포스팅 목차
* 파이썬 & R 패키지 호출 및 예제 데이터 생성 링크
[ PERCENTILE_CONT Oracle Function ]
PERCENTILE_CONT 함수는 연속된 분포 모델을 가정한 역 분포 함수(inverse distribution function)이다. 이 함수는 백분위수 값과 소트 지정을 취하고, 소트 지정에 해당하는 백분위수 값에 해당하는 보간된 값을 반환한다.
현재 아래 예제는 Percent Rank 를 구현함.
- 함수 설명 : PERCENTILE_CONT 오라클 함수 링크
1. Oracle(오라클)
1) 집계함수
- percentile_cont() 함수
Oracle Programming |
SELECT DEPTNO, PERCENTILE_CONT(0.35) WITHIN GROUP (ORDER BY SAL) PERCENTILE_CONT_FUNC
FROM EMP
GROUP BY DEPTNO
Results |
DEPTNO PERCENTILE_CONT_FUNC
------------------------------
10 2105
20 1850
30 1250
2) 분석함수
- percentile_cont() 함수
Oracle Programming |
SELECT DEPTNO, EMPNO, SAL,
PERCENTILE_CONT(0.35) WITHIN GROUP (ORDER BY SAL) OVER (PARTITION BY DEPTNO) PERCENTILE_CONT_FUNC
FROM EMP
ORDER BY DEPTNO, SAL DESC
Results |
DEPTNO EMPNO SAL PERCENTILE_CONT_FUNC
---------------------------------------------
10 7839 5000 2105
10 7782 2450 2105
10 7934 1300 2105
20 7788 3000 1850
20 7902 3000 1850
20 7566 2975 1850
20 7876 1100 1850
20 7369 800 1850
30 7698 2850 1250
30 7499 1600 1250
30 7844 1500 1250
30 7521 1250 1250
30 7654 1250 1250
30 7900 950 1250
2. Python Pandas(파이썬)
2) 분석함수
- pandas패키지의 quantile(x,q=0.35)
Python Programming |
withmooc = copy.copy(emp)
withmooc['pct_first'] = withmooc.groupby('deptno')['sal'].transform(lambda x: x.quantile(q=0.35))

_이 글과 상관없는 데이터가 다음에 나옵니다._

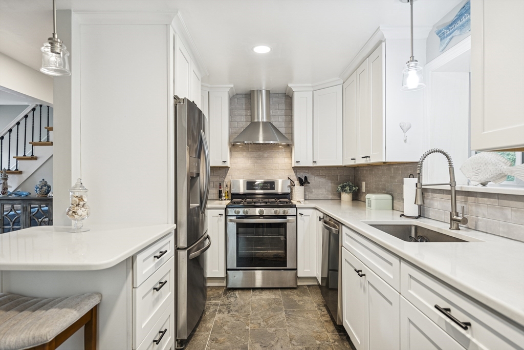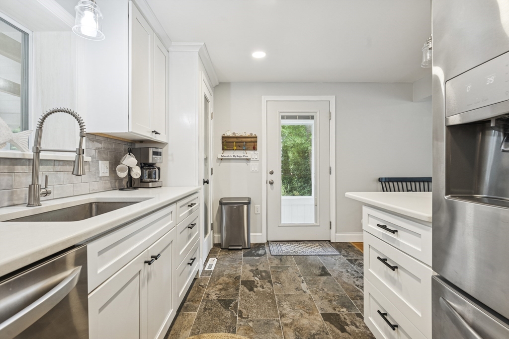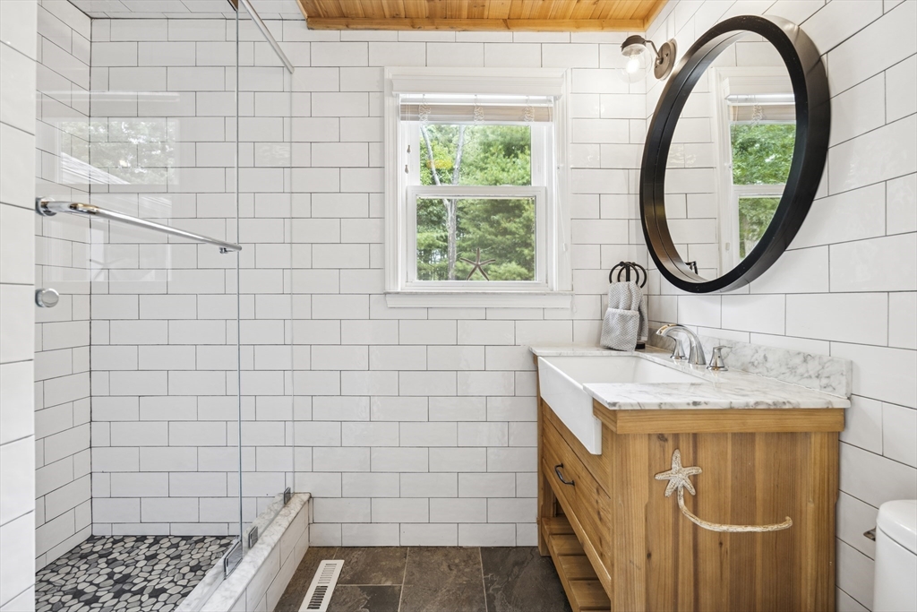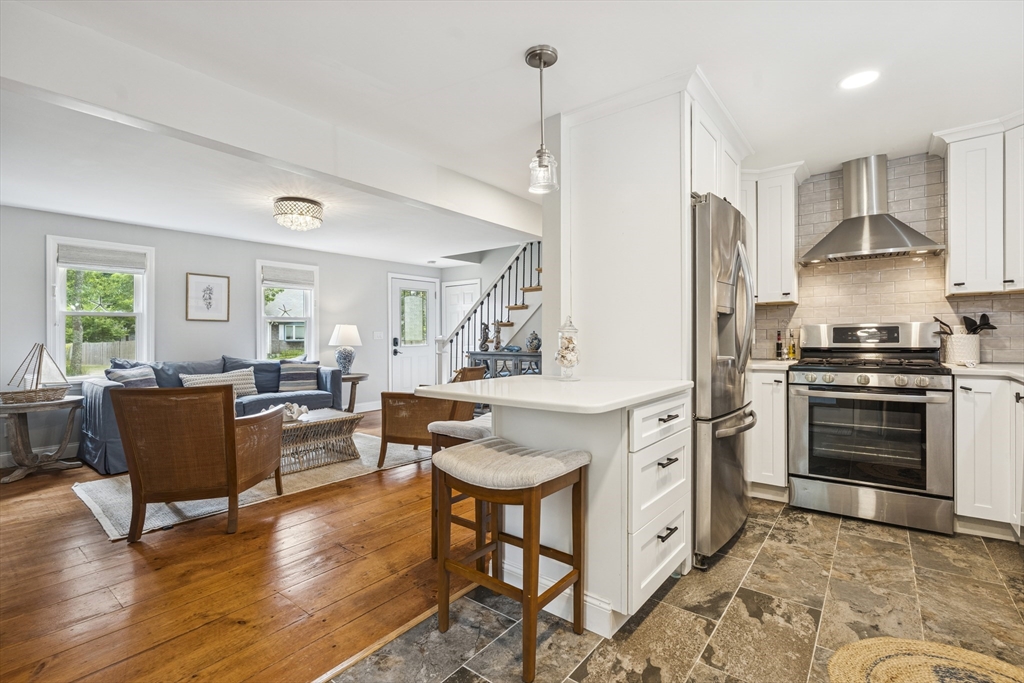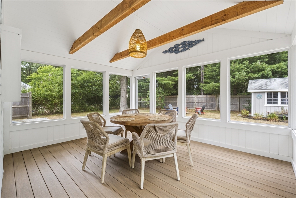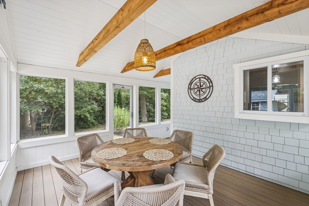 Coastal living awaits in sought-after Maravista neighborhood, just steps to a walkway to Perch Pond for kayaking w/direct access to Great Bay! This beautifully renovated beach house sits at the end of a quiet street w/a fenced backyard perfect for summer entertaining! A stunning screen porch w/cathedral ceiling, Beams and gorgeous decor flows seamlessly into the sundrenched interior, where an open design showcases wide wood floors, a stone fireplace, & a custom white kitchen w/gas cooking, quartz counters, slate flooring, breakfast bar, & pantry. The 1st floor primary suite offers a sitting area w/glass doors to private deck, outdoor shower, & spa-like bath w/subway tile & glass shower & Cedar plank ceiling. The 2nd level offers 2 MASSIVE Sunfilled BR's & designer bath w/tile surround. Perfect expansion ready in lower level! Plus Central Air, gas heat & storage shed. Make your Coastal living dreams come true! Close to Falmouth Heights & Bristol beach, Shipwrecked & downtown Falmouth!

withmooc.sort_values(['deptno','sal'],ascending = [True,False])
Results |
empno ename job mgr hiredate sal comm deptno pct_first
8 7839 KING PRESIDENT NaN 1981/11/17 5000 NaN 10 2105.0
6 7782 CLARK MANAGER 7839.0 1981/01/09 2450 NaN 10 2105.0
13 7934 MILLER CLERK 7782.0 1982/01/23 1300 NaN 10 2105.0
7 7788 SCOTT ANALYST 7566.0 1982/12/09 3000 NaN 20 1850.0
12 7902 FORD ANALYST 7566.0 1981/12/03 3000 NaN 20 1850.0
3 7566 JONES MANAGER 7839.0 1981/04/02 2975 NaN 20 1850.0
10 7876 ADAMS CLERK 7788.0 1983/01/12 1100 NaN 20 1850.0
0 7369 SMITH CLERK 7902.0 1980/12/17 800 NaN 20 1850.0
5 7698 BLAKE MANAGER 7839.0 1981/03/01 2850 NaN 30 1250.0
1 7499 ALLEN SALESMAN 7698.0 1981/02/20 1600 300.0 30 1250.0
9 7844 TURNER SALESMAN 7698.0 1981/09/08 1500 0.0 30 1250.0
2 7521 WARD SALESMAN 7698.0 1981/02/22 1250 500.0 30 1250.0
4 7654 MARTIN SALESMAN 7698.0 1981/09/28 1250 1400.0 30 1250.0
11 7900 JAMES CLERK 7698.0 1981/12/03 950 NaN 30 1250.0
- Numpy 패키지의 np.quantile(x,q=0.35)
Python Programming |
withmooc = copy.copy(emp)
withmooc['pct_first'] = withmooc.groupby('deptno')['sal'].transform(lambda x: np.quantile(x,q=0.35))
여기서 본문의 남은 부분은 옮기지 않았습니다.